_DATA EXTRACT_
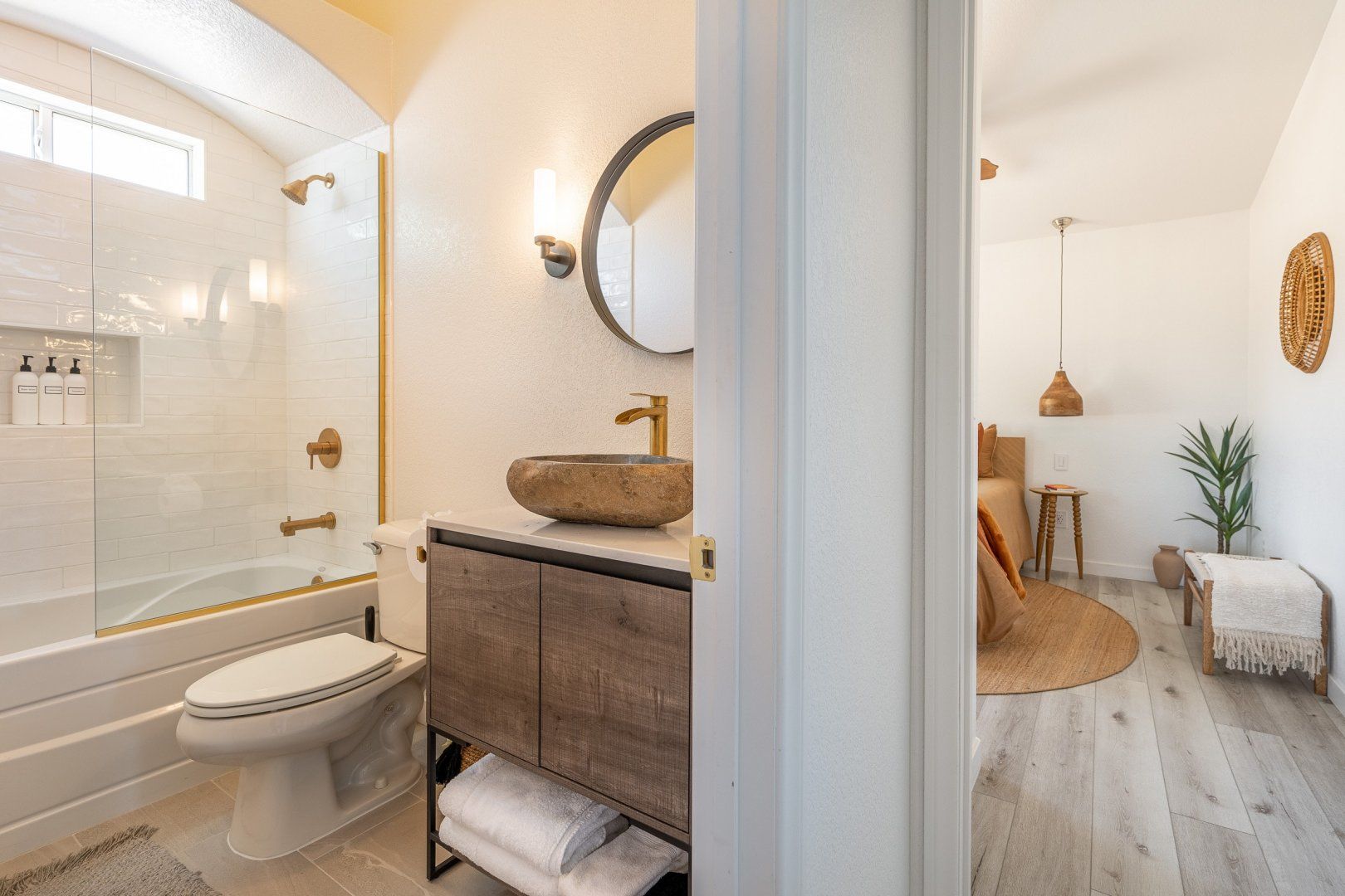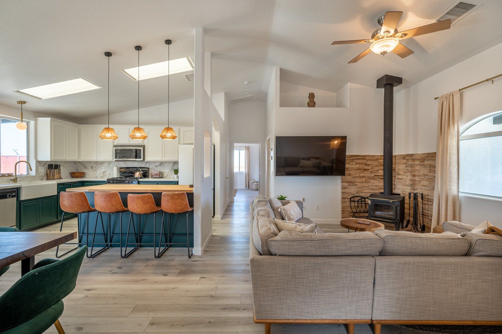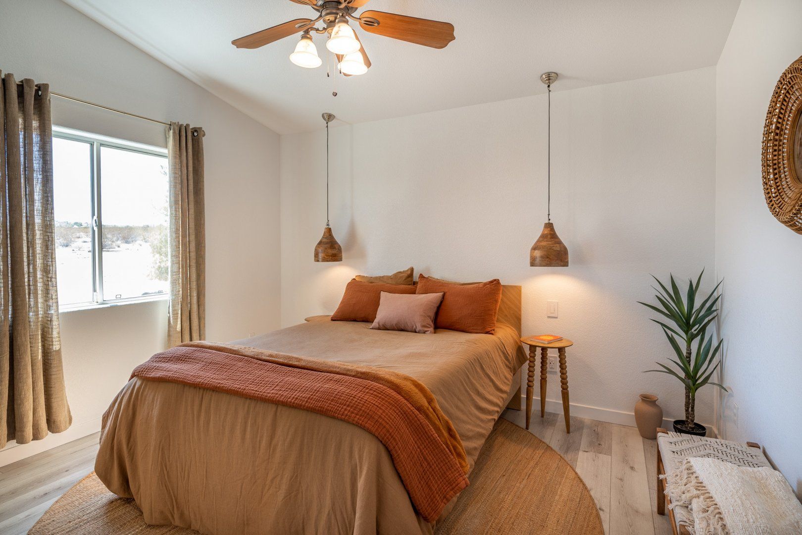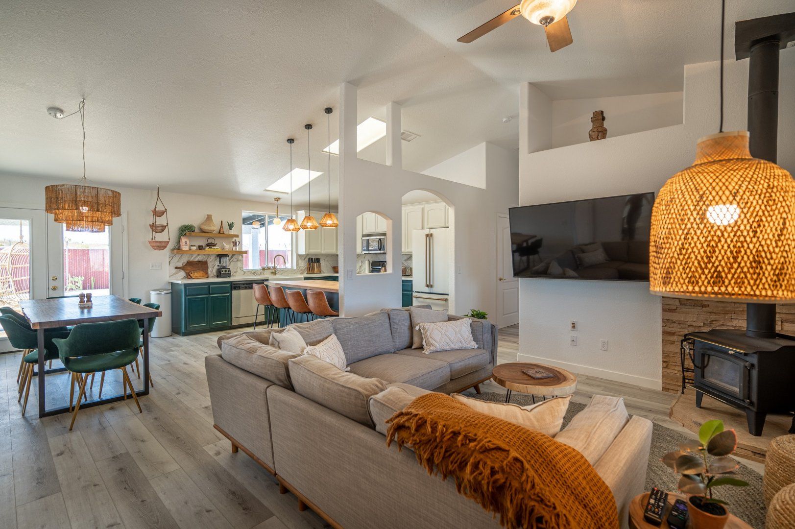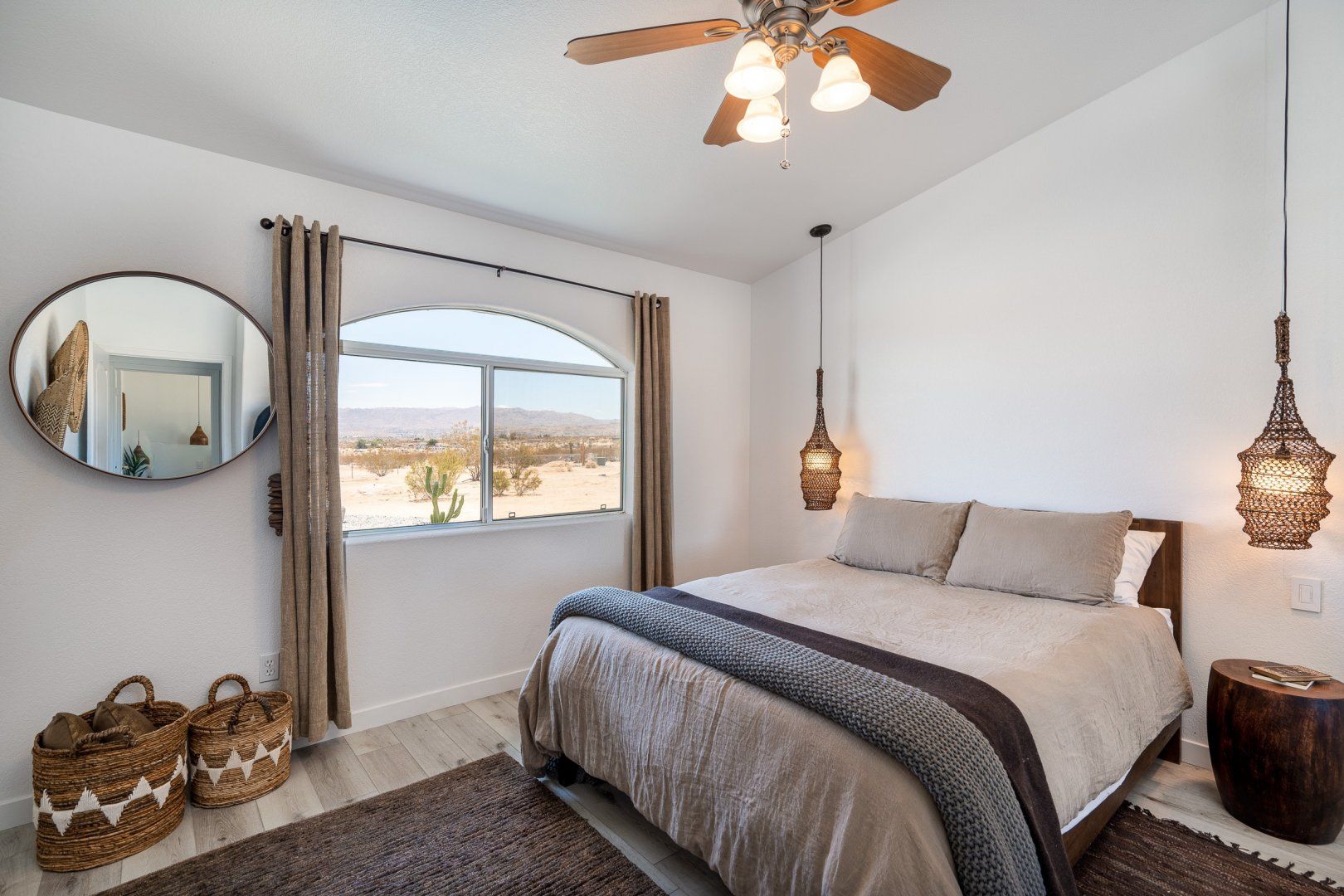 Nestled in 2.5 acres, this haven welcomes you to rest, recharge and experience the magic of desert living. Inside, the rooms are styled with art and furnishings collected from travels across the world, plus the owners have taken care to ensure maximum comfort with memory foam mattresses, toiletries and a range of extra services – including a private chef and massage treatments. There’s also a swimming pool, hot tub and yoga studio – perfect for those in search of a meditative retreat. And when you’re looking to spread your wings, it’s just a short seven-minute drive into downtown Joshua Tree.
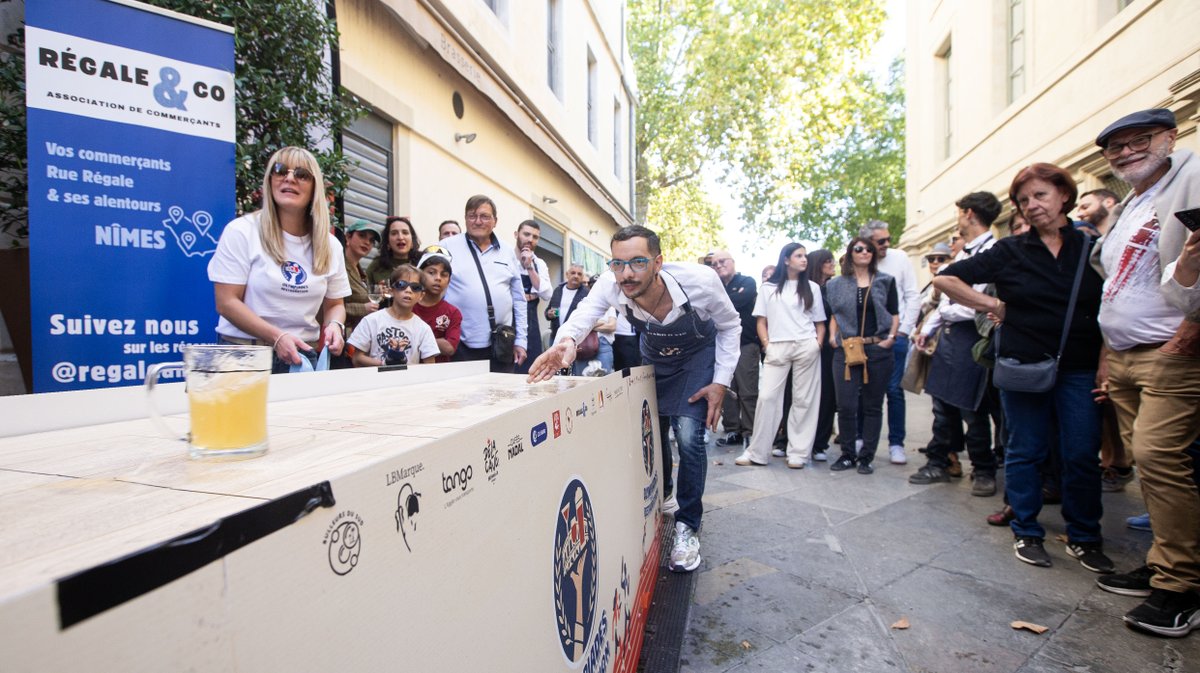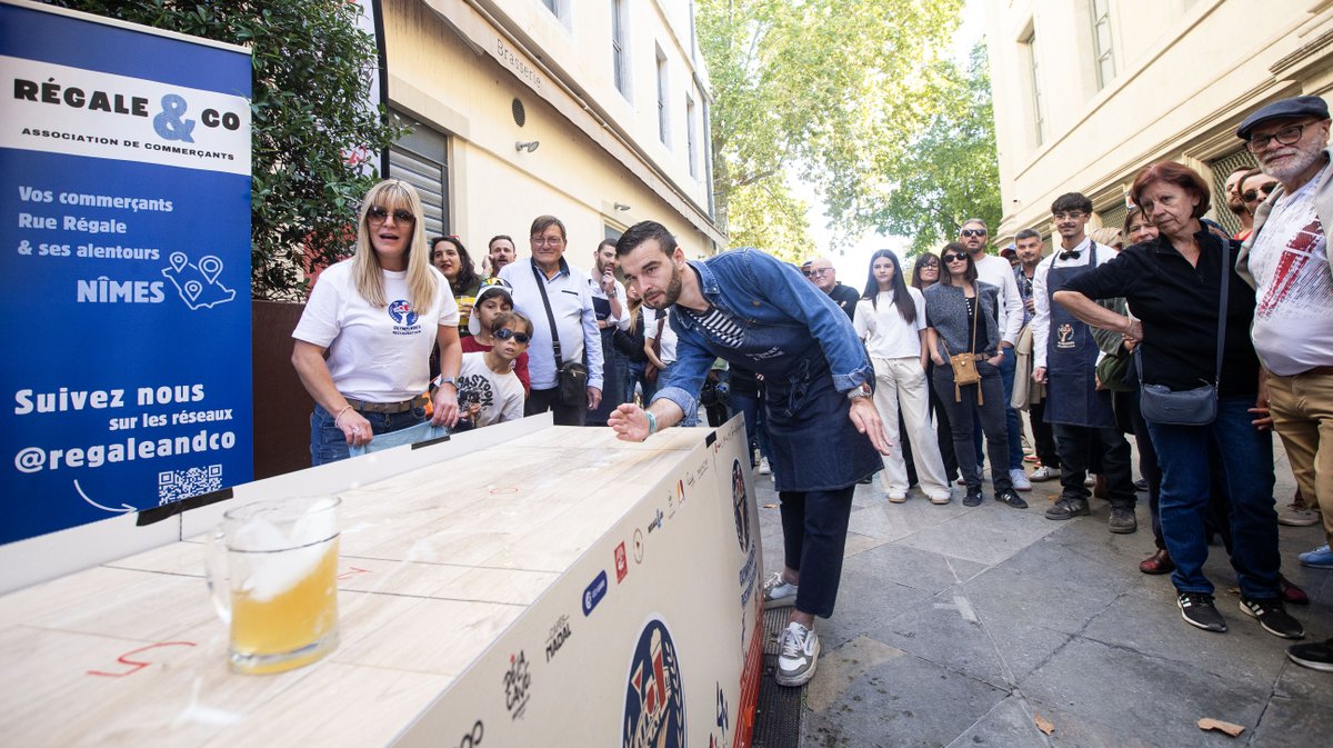 En fin d’après-midi, l'établissement du Verre des Costières a vu défiler plateaux, tasses et verres bien tenus, ou pas. La course de garçons et filles de café a animé l’esplanade dans une ambiance studieuse, mais festive. Par vagues de quatre, les concurrents se sont élancés du milieu de l'Esplanade, devant le Verre des Costières, direction rue Régale, retour au même endroit.
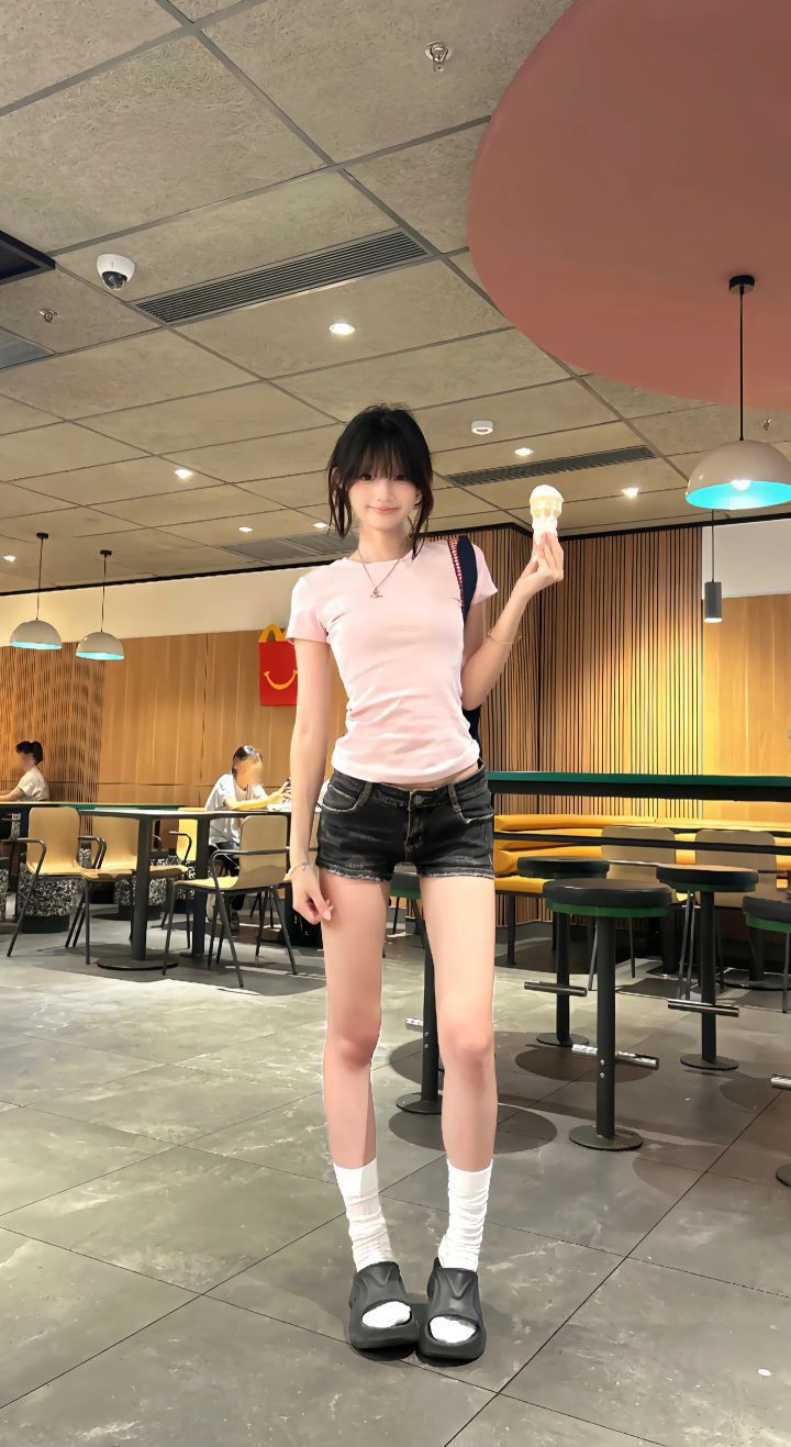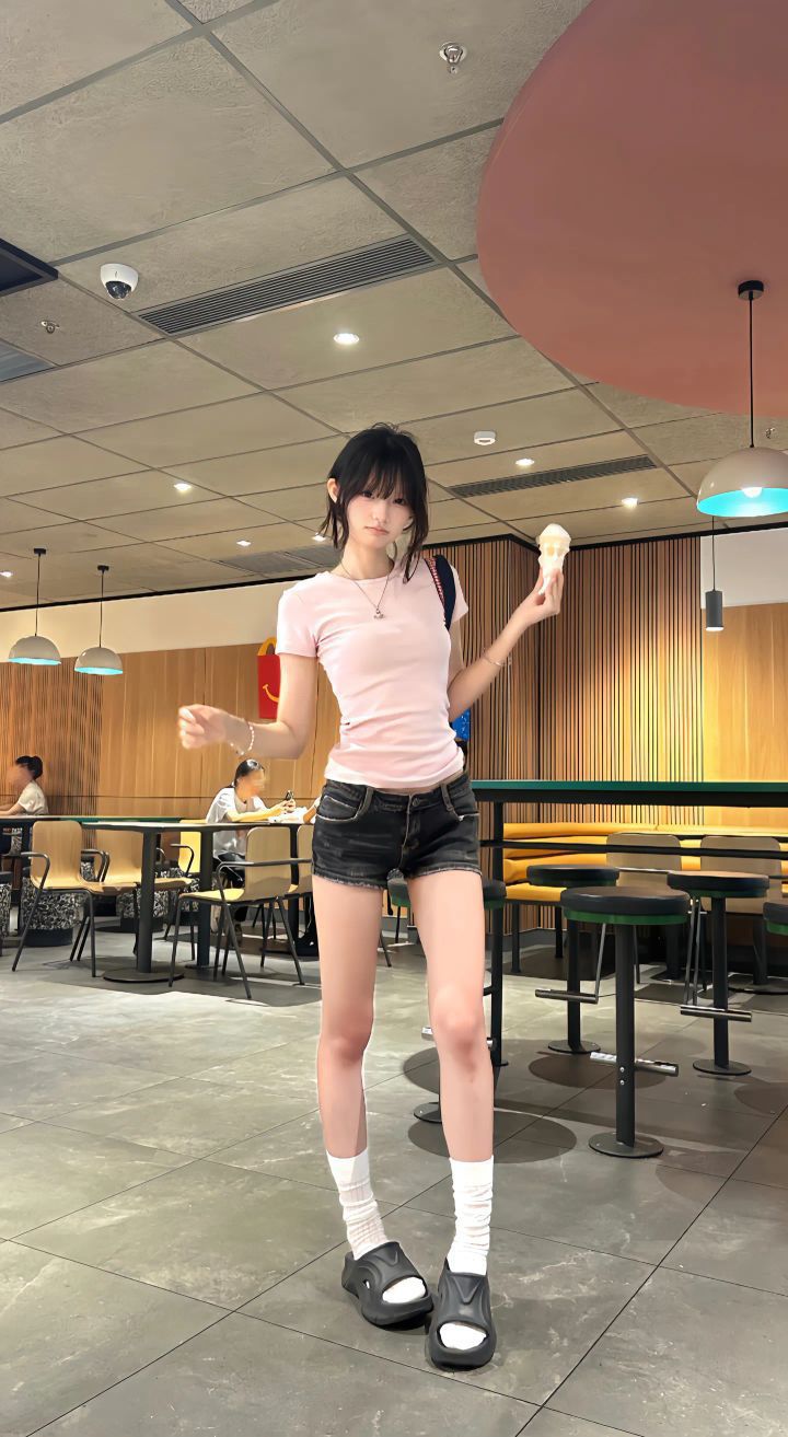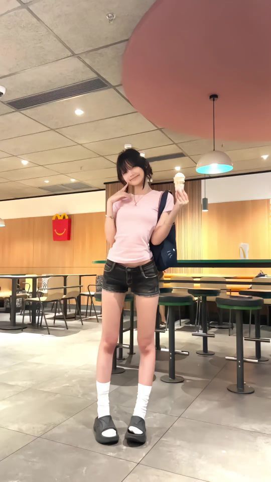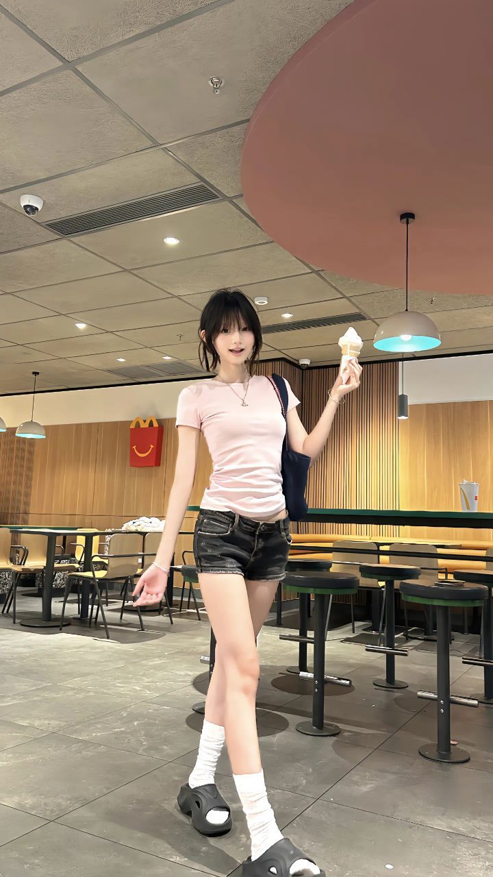 救命!在麦当劳随手拍都能这么绝🍟 浅粉紧身T+做旧牛仔短裤,把「松弛辣妹」焊在身上,冰淇淋都变成穿搭道具… 🍦 3个「松弛心机」 麦当劳秒变秀场 ✦ 浅粉T:纯欲界“作弊神器” 浅粉紧身T选微透棉质,把“纯欲”藏在若隐若现里,贴身穿显身材又不暴露,黄黑皮穿也秒变冷白皮~ 领口小刺绣和麦当劳红墙撞色,随便拍都像时尚大片! ✦ 做旧短裤:辣妹的“松弛开关” 黑色牛仔短裤选做旧磨白...

_TASK TO CARRY OUT_
Using the material above, set down every line exactly, but skip the pictures.

_TASK RESPONSE_
 Nestled in 2.5 acres, this haven welcomes you to rest, recharge and experience the magic of desert living. Inside, the rooms are styled with art and furnishings collected from travels across the world, plus the owners have taken care to ensure maximum comfort with memory foam mattresses, toiletries and a range of extra services – including a private chef and massage treatments. There’s also a swimming pool, hot tub and yoga studio – perfect for those in search of a meditative retreat. And when you’re looking to spread your wings, it’s just a short seven-minute drive into downtown Joshua Tree.
 En fin d’après-midi, l'établissement du Verre des Costières a vu défiler plateaux, tasses et verres bien tenus, ou pas. La course de garçons et filles de café a animé l’esplanade dans une ambiance studieuse, mais festive. Par vagues de quatre, les concurrents se sont élancés du milieu de l'Esplanade, devant le Verre des Costières, direction rue Régale, retour au même endroit.
 救命!在麦当劳随手拍都能这么绝🍟 浅粉紧身T+做旧牛仔短裤,把「松弛辣妹」焊在身上,冰淇淋都变成穿搭道具… 🍦 3个「松弛心机」 麦当劳秒变秀场 ✦ 浅粉T:纯欲界“作弊神器” 浅粉紧身T选微透棉质,把“纯欲”藏在若隐若现里,贴身穿显身材又不暴露,黄黑皮穿也秒变冷白皮~ 领口小刺绣和麦当劳红墙撞色,随便拍都像时尚大片! ✦ 做旧短裤:辣妹的“松弛开关” 黑色牛仔短裤选做旧磨白...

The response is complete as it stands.